Dylan stieg gleich darauf ebenfalls ab. Dabei bemerkte Abigail, dass er etwas steif war und sich das rechte Bein rieb. Außerdem fiel ihr auf, wie eng seine Jeans diese männlichen Schenkel umschlossen. Doch sie schob den Gedanken gleich wieder weg. Jedenfalls versuchte sie es.

Aber es fiel ihr schwer. Dieser Mann war groß und wirkte durch und durch männlich. Erst als er näher trat, sah sie, dass er leicht hinkte.

„Haben Sie sich verletzt?“, fragte sie besorgt.

„Das könnte man so ausdrücken“, erwiderte er düster und dachte an das Rodeo, bei dem er den Unfall gehabt hatte, der ihn gezwungen hatte, die Wettbewerbe völlig aufzugeben. Die Ärzte hatten gesagt, er hätte Glück gehabt, dass er sein Bein überhaupt noch bewegen und reiten konnte. Aber er würde es nie wieder so wie früher können. Die Gürtelschnalle, die er gewonnen hatte und auch jetzt trug, war ein Beweis dafür, dass er einmal ein Champion gewesen war. Doch seine Fähigkeiten waren verloren gegangen, als er sich das rechte Bein gebrochen hatte. Nein, er hatte zurzeit nicht gerade eine Glückssträhne.

„Gibt es etwas, das ich für Sie tun kann?“, fragte Abigail.

„Ja, Sie können mir Ihren Namen verraten. Und was Sie hier überhaupt zu suchen haben. Dies ist Pete Turners Ranch.“

„Das stimmt.“

„Und da ich weiß, dass Pete etwas gegen Besucher hat, dürften Sie wohl diejenige sein, die sein Land unbefugt betreten hat, nicht ich.“

„Wie kommen Sie denn darauf?“

„Wie ich schon sagte, Pete mag keine Besucher. Er und ich kennen uns schon lange.“

„Wirklich? Haben Sie in letzter Zeit mit ihm gesprochen?“

„Vor einigen Monaten. Im März, denke ich. Vielleicht war es auch schon im Februar.“

Abigail wusste Bescheid über das Zeitgefühl von Cowboys. Sie hatten keins, genauso wenig wie sie mit Geld und Frauen umgehen konnten. Inzwischen war Juli.

Trotzdem, wenn Dylan ein Freund ihres Onkels gewesen war, dann wollte sie ihm die Nachricht von dessen Tod so schonend wie möglich beibringen.
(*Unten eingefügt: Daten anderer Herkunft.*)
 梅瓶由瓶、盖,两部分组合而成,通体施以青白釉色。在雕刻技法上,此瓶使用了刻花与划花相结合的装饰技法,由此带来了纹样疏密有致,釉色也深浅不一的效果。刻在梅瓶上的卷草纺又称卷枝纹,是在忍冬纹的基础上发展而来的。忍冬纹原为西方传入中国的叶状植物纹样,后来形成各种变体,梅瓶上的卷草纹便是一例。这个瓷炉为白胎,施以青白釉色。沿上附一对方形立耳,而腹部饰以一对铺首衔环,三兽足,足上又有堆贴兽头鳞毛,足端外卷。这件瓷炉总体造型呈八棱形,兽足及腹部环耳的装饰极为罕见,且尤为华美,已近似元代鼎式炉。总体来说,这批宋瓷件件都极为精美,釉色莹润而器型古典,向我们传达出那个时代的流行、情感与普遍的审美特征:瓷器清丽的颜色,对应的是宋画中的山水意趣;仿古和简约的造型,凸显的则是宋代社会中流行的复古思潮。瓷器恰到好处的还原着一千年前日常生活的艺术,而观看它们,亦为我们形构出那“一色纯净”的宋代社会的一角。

Während sie noch nach den passenden Worten suchte, fragte er ungeduldig: „Wer sind Sie?“

„Ich bin Petes Nichte.“

„Bestimmt nicht! Seine Nichte ist eine prüde Bibliothekarin in der Großstadt.“

Abigail biss die Zähne zusammen. Sie wusste ja, dass beide Berufe, die sie sich ausgesucht hatte, bei den Leuten viele Vorurteile weckten. „Ich bin Bibliothekarin. Zumindest war ich es bis vor ein paar Wochen.“

Dylan musterte sie von Kopf bis Fuß, als hätte er den Verdacht, dass sie log. „Sie sehen keiner Bibliothekarin ähnlich, die ich je getroffen habe“, meinte er.

„Wirklich? Und wann waren Sie das letzte Mal in einer Bibliothek?“, erwiderte sie in zuckersüßem Ton.
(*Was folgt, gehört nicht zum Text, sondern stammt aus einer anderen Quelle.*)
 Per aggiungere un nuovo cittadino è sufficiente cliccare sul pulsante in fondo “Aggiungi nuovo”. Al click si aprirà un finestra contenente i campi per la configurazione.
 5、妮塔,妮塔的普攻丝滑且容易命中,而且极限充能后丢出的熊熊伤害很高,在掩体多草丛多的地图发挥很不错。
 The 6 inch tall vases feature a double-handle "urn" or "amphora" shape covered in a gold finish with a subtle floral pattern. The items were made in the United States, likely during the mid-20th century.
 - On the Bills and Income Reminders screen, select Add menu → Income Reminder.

Dylan hatte die Krankenhausbücherei oft besucht, solange er dort gewesen war, aber das wollte er dieser Frau nicht erzählen. Er wollte sich lieber mit ihr beschäftigen. Was für eine Art von Bibliothekarin war das, die ein Pferd mit dem Namen Wild Thing ritt? Eine, die ich näher kennenlernen möchte, dachte er.
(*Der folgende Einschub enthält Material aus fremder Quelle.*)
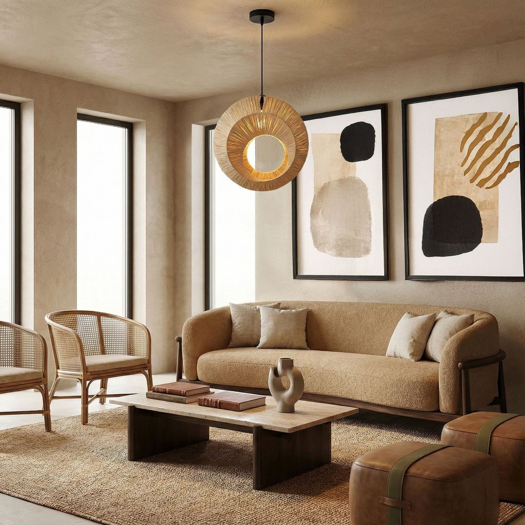 Tato závěsná lampa je perfektní volbou pro každého, kdo hledá kombinaci přírodních materiálů a unikátního designu. Svítidlo vyrobené z papírové rafiové šňůry přináší do interiéru teplo a harmonii. Díky své lehké konstrukci a preciznímu zpracování se stane výrazným dekorativním prvkem, který zútulní obývací pokoj, ložnici i jídelnu.
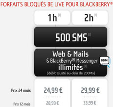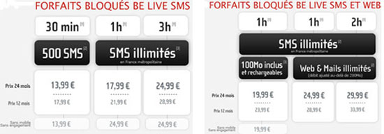 Les forfaits bloqués de NRJ Mobile évoluent également ! Ces derniers se déclinent en trois gammes : les forfaits BeLive SMS, les forfaits BeLive SMS et Web qui intègrent un accès Internet et les forfaits BeLive Blackberry qui se composent d'un accès Web, mails et BlackBerry Messenger en illimité. Désormais, avec ces nouveaux forfaits bloqués, vous pouvez bénéficier de l’avantage -18 ans, pour accompagner votre adolescent dans son 1er équipement mobile, celui-ci bénéficie de 30 minutes d’appels tous les mois pour vous appeler quand son crédit est épuisé. De plus, vous pouvez également profiter de 2 places offertes pour le concert de votre choix. Voici plus de détails :
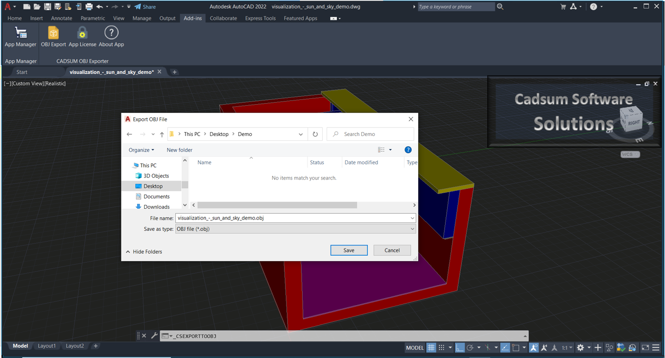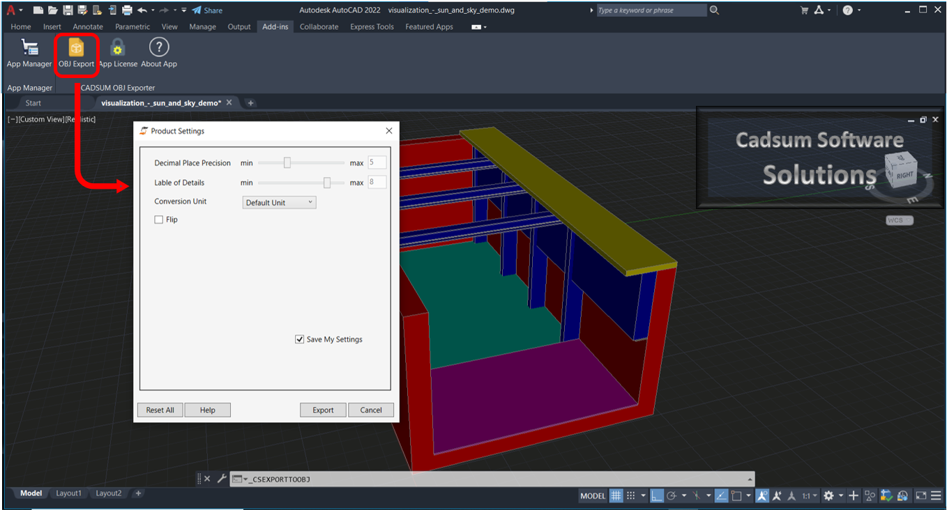 Cadsum OBJ Exporter for Autodesk® AutoCAD® - Paid
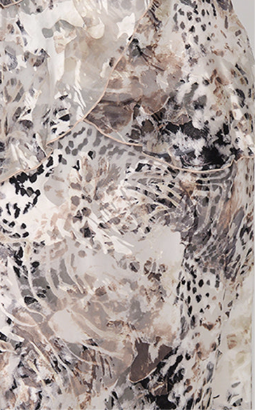 Midi length silk patterned skirt and top set, bias cut with floaty layers and elbow length sleeves.
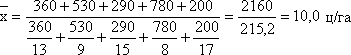 Общий валовой сбор мы получим простым суммированием валового сбора по районам. Данные же о посевной площади отсутствуют, но их можно получить, разделив валовой сбор по каждого района на урожайность. С учетом этого определим искомую среднюю, предварительно переведя для сопоставимости тонны в центнеры:
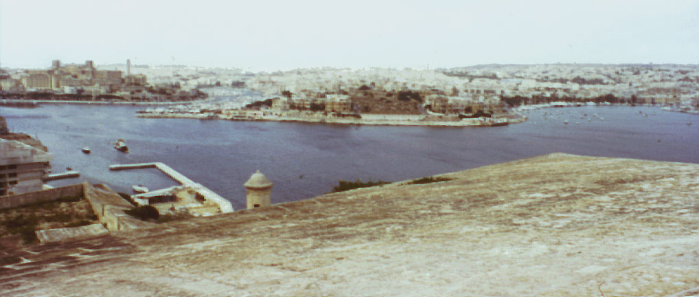 Valletta, Malta. Summer 1996. View north-west from St. Michael's Bastion over Marsamxett Harbour.
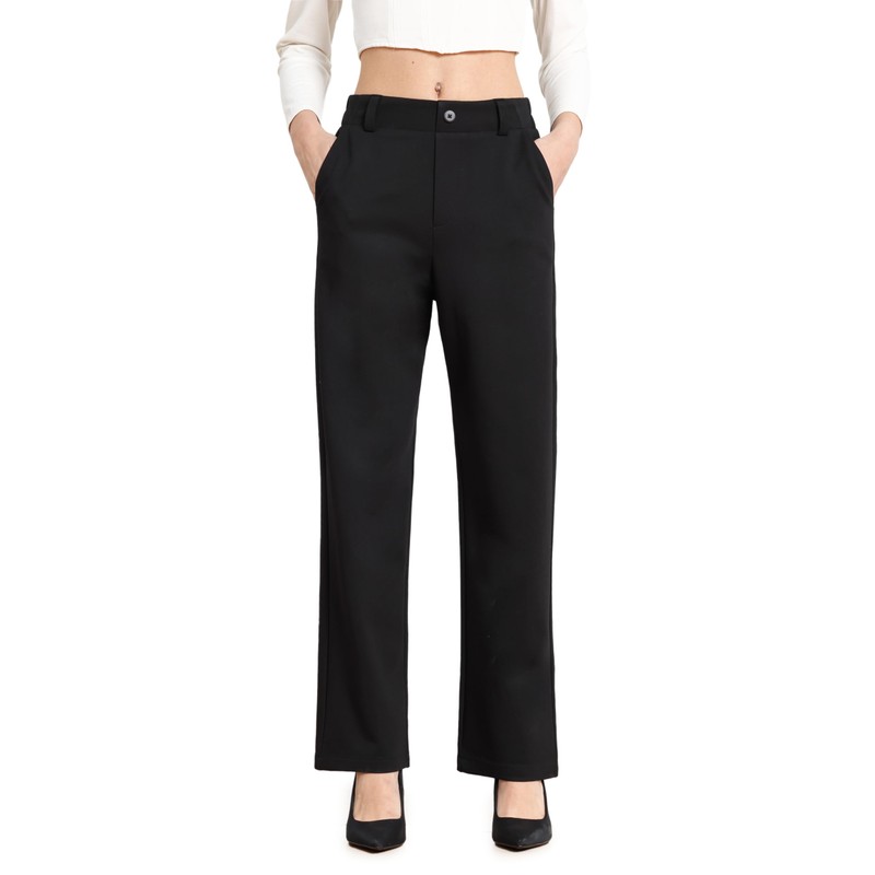 With two side slash pockets, these **black work pants for women** are designed to keep your essentials—like phone, cards, and keys—within reach. The straight-leg design offers a flattering silhouette, while the functional pockets add a touch of practicality without sacrificing style.

Sie hatte lange Beine, hübsche Kurven und wundervolles lockiges Haar. Vorhin war es ihm ins Gesicht geweht, und es kam ihm vor, als schlänge sich ein seidenes Lasso um sein Herz. Außerdem duftete es nach Maiglöckchen, und das waren seine Lieblingsblumen.

Als er merkte, dass er auf den Mund dieser Frau gestarrt hatte, ohne ein einziges Wort zu hören, das sie gesagt hatte, murmelte er: „Was?“

„Vergessen Sie’s.“ Sie ignorierte ihn und begann nun, Wild Thing zu untersuchen. Sogar ins Maul blickte sie dem Pferd, um festzustellen, ob etwas nicht in Ordnung war. Zuerst fand sie nichts. Die Stute war glücklicherweise nicht verletzt. Sie zitterte immer noch leicht, hatte aber keine Schwellungen oder Wunden. Dann nahm Abigail den Sattel ab und entdeckte, was sie gesucht hatte. „Ich wusste es!“, rief sie. „Ich bin reingelegt worden!“

2. KAPITEL

„Wovon reden Sie?“, fragte Dylan.

„Ich wusste, dass Wild Thing nicht ohne Grund durchgeht. Sehen Sie sich das an!“ Sie zeigte ihm die Kletten, die an der Satteldecke hafteten. Und natürlich hatte das Pferd entsprechende Abdrücke an den Seiten, obwohl diese schwer zu erkennen waren in dem mahagonifarbenen Fell. „Du armes Baby“, sagte Abigail sanft, und Dylan wünschte sich, sie würde so mit ihm sprechen statt mit der Stute.

„Haben Sie das Sattelzeug nicht überprüft, bevor Sie aufgebrochen sind?“, wollte er wissen.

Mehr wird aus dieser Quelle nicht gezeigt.